Nearly two weeks after announcing its plans to curb “non-essential” imports, the government on Wednesday raised import duties on 19 items, including consumer electronics, diamonds, jewellery, jet fuel and leather footwear, to curtail the widening current account deficit. The new tariffs come into effect from Wednesday midnight.
The import of these 19 items cost Rs 860 billion in 2017-18, according to the finance ministry. This, however, constituted just 2.8 per cent of India’s total import bill last financial year, raising question marks over the efficacy of the measure.
“The hike in import duties on the identified non-essential items is likely to have a modest impact on curtailing the size of the current account deficit (CAD) in FY19,” said Aditi Nayar, principal economist at Icra. The rating agency expects the CAD to widen to $72-77 billion (2.8 per cent of GDP) in 2018-19, from $48.7 billion in 2017-18 (1.9 per cent of GDP).
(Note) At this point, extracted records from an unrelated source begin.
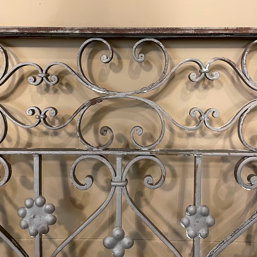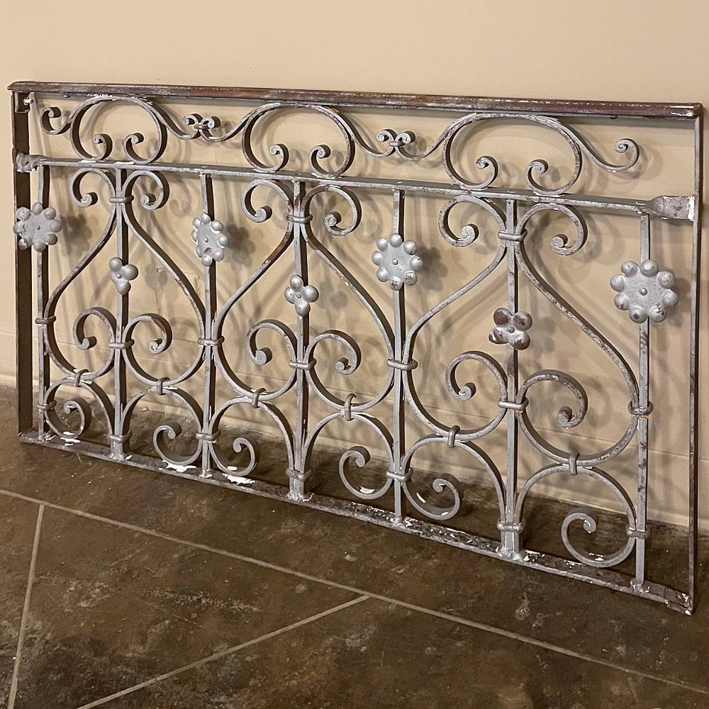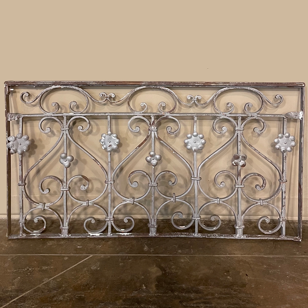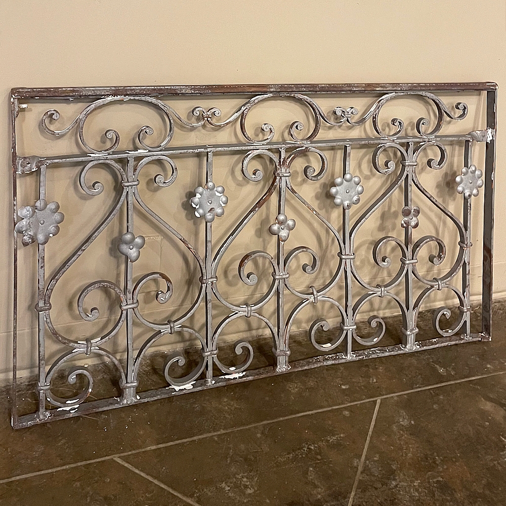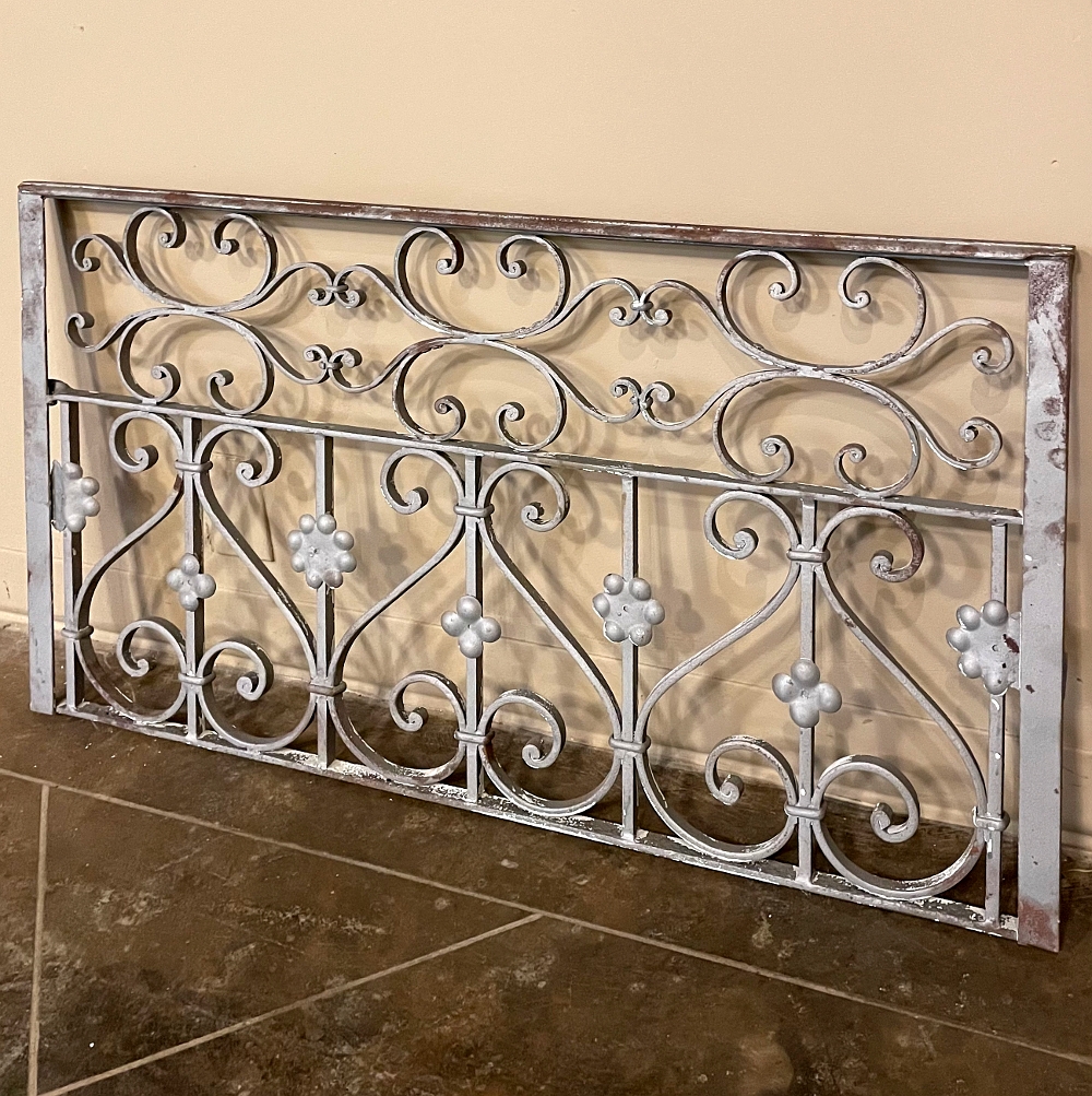 Set of 19th Century French Wrought Iron Balustrades ~ Window Guards were designed to beautify the exterior as well as provide a safeguard railing to the low-hung windows in vogue at the time. This pair were designed to be very complementary but not identical, probably appearing on different walls of the same home. The classic French scrolls with stamped flower motifs create a pleasing visual appeal that was designed to enhance the exterior architecture. Over the past three decades such items we've sold have been utilized in some pretty imaginative ways, but they're still excellent for their original intended purpose!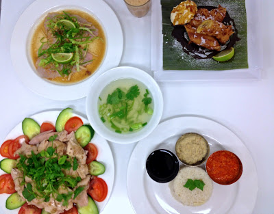 An English and Oriental menu a cracking roasted pork belly with two mashes, a fresh and fruit salad and sweet wonton for desert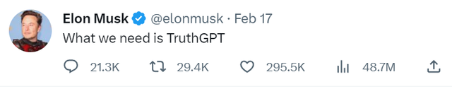 OpenAI最初是作为一家开源(这就是我把它命名为“Open”AI的原因)的非营利性公司而创办的,其目的是为了抗衡谷歌(94.59, -1.19, -1.24%),但现在它已变成一家闭源的营利性公司,被微软(258.06, -4.09, -1.56%)有效控制。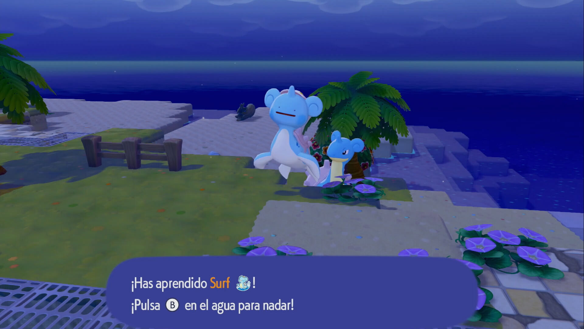 Ditto es capaz de aprender las habilidades de algunos de esos Pokémon. Se trata de poderes útiles para toda la aventura: pistola agua para regar, follaje para generar hierbas, golpe roca para romper los bloques de los que está formado el mundo, arar y otros tantos. Algunos incluso nos enseñan a transformarnos en ellos, como Lapras para hacer surf y Dragonite para planear. Durante toda la aventura estamos aprendiendo movimientos que se mezclan con el resto de mecánicas y van haciendo el juego más y más profundo.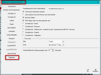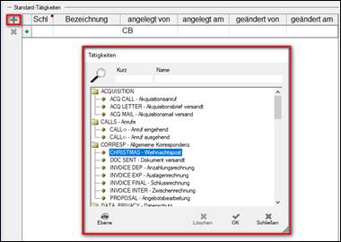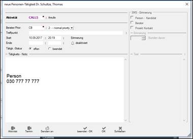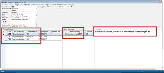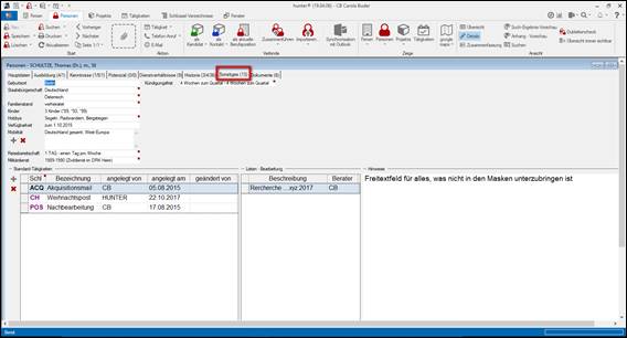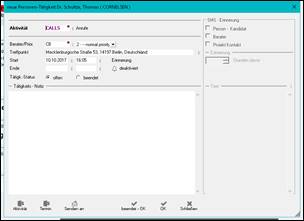 Hinweis: wurde vom hunter Administrator in „interne Einstellungen“ eine Tätigkeit voreingestellt, so öffnet sich zunächst die entsprechende Tätigkeiten / Aktivitäten Maske zum vervollständigen
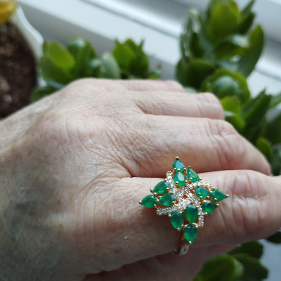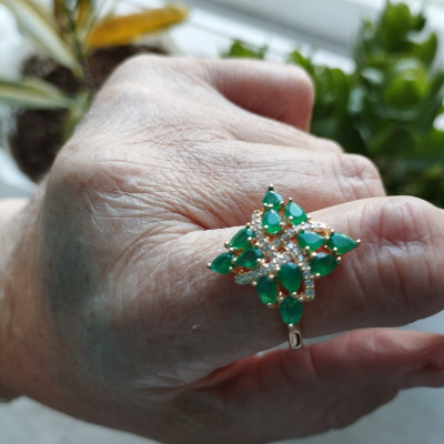 Очень красивое колечко ,камешки сияют, но у меня оно цепляется за одежду ,,постоянно носить не получится хотя оно красивое
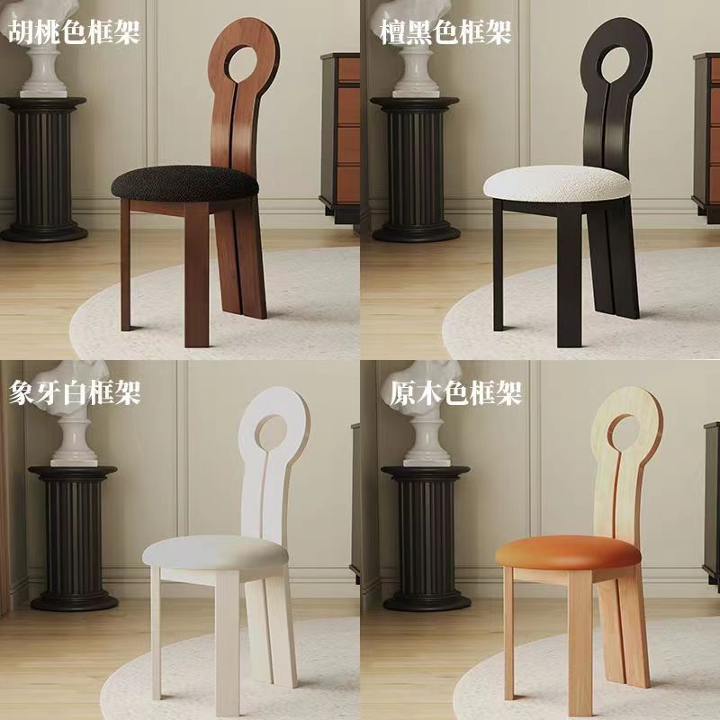 中古风实木餐椅家用现代简约实木靠背椅子北欧法式艺术复古钥匙椅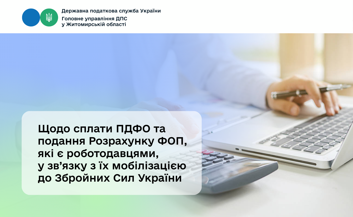 Головне управління ДПС у Житомирській області повідомляє, що відповідно до п. 25 підрозд. 10 розд. ХХ «Перехідні положення» Податкового кодексу України від 02 грудня 2010 року № 2755-VI (далі – ПКУ) самозайняті особи (фізичні особи – підприємці, особи, які провадять незалежну професійну діяльність), які мали або не мали найманих працівників, призвані на військову службу під час мобілізації або залучені до виконання обов’язків щодо мобілізації за посадами, передбаченими штатами воєнного часу, під час особливого періоду, визначеного Законом України від 21 жовтня 1993 року № 3543-ХII «Про мобілізаційну підготовку та мобілізацію», або за контрактом, на весь період їхньої військової служби (з першого числа місяця, в якому особу призвано на військову службу або в якому з особою укладено контракт, але не раніше 24.02.2022, до останнього дня місяця, в якому особу демобілізовано (звільнено з військової служби) звільняються від обов’язку нарахування, сплати та подання податкової звітності з податку на доходи фізичних осіб відповідно до розд. IV ПКУ, звільняються від обов’язку нарахування, сплати та подання податкової звітності з єдиного податку відповідно до глави 1 розд. XIV ПКУ, а також звільняються від обов’язку нарахування, сплати та подання звітності з військового збору у складі податкової звітності з податку на доходи фізичних осіб або єдиного податку відповідно до п. 16 прим. 1 підрозд. 10 розд. ХХ «Перехідні положення» ПКУ.

The highest number of items on the list belongs to the electronics category, which makes up the third-biggest chunk of the import bill after crude oil and gold. The customs duty on speakers, air conditioners, household refrigerators, and washing machines of less than 10 kg has been hiked from 10 per cent to 20 per cent. On the other hand, compressors for these household devices will now see a higher tariff of 10 per cent compared to 7.5 per cent at present.
However, despite India importing $21 billion worth of electronics in 2017-18, led mostly by mobile phones and their components, the government decided not to touch these on Wednesday. “A panel under the Cabinet secretary is already looking at reducing the dependence on all imported electronic products, including mobile phones,” a top commerce department official said.
The government has cracked down on the import of diamonds in various forms as well as coloured gemstones. Articles of jewellery and precious metals as well as goldsmith or silversmith wares, which make up a sizeable $3.14 billion worth of imports, have been included in the latest set of restrictions. No customs duty hike has been announced on import of gold, but senior officials have suggested that a decision on the shiny metal might be taken soon.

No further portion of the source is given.